In fact, student debt is the biggest form of consumer debt outside of mortgages. Another site that tracks student debt, Project on Student Debt, published a study that found two-thirds of college seniors who graduated with loans in 2010 carried an average of $25,250 in debt.
While the news isn’t good, for younger borrowers it’s better than for those over 30. Under-30 borrowers have a better rate of repaying their loans than older borrowers. Inside Higher Ed reports that:
Borrowers in their 40s, on the other hand, have a delinquency rate double that of their younger counterparts, at about 12 percent.
Over the past seven years, the ranks of borrowers over 30 have continued to grow as former students with longstanding loans continue to chip away at balances and new, nontraditional students took on debt for the first time. Borrowers in their 30s or older made up 54 percent of all student debtors in 2005; by early this year, they were almost two-thirds of all borrowers.
Paying back student loan debt seems like a no-brainer — pay what is due each month or if you can afford it, pay a little more. Yet, very few have an actual strategy plan to pay back their student loan debt. The latest web site to address student loans features such help.

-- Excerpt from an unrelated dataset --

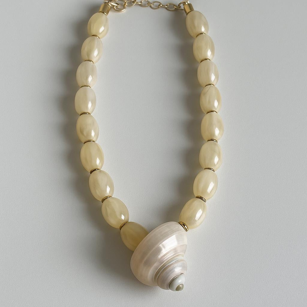 Colar com Pedras Naturais e Pingente de Concha Aspiral

Dubbed the National College Finance Center (NCFC), it was launched yesterday by GLEE actress Jane Lynch. The site, with the companion ad campaign tagged “Dont Major in Debt,” is divided into two parts — financial aid advice for students needing to know how to pay for a college degree and repayment advice for graduates or those for whom deferring payment is no longer an option.
What is different about the site is that in the repayment section, the site supplies information on different repayment options, a link to get a person’s federal loan information and after answering a series of short questions, even creates a personalized repayment plan.
The key is to follow through with the plan. It’s bad enough to have student debt but when student debt lasts into middle-age it’s not surprising that analysts see student loan debt as the next mortgage crisis.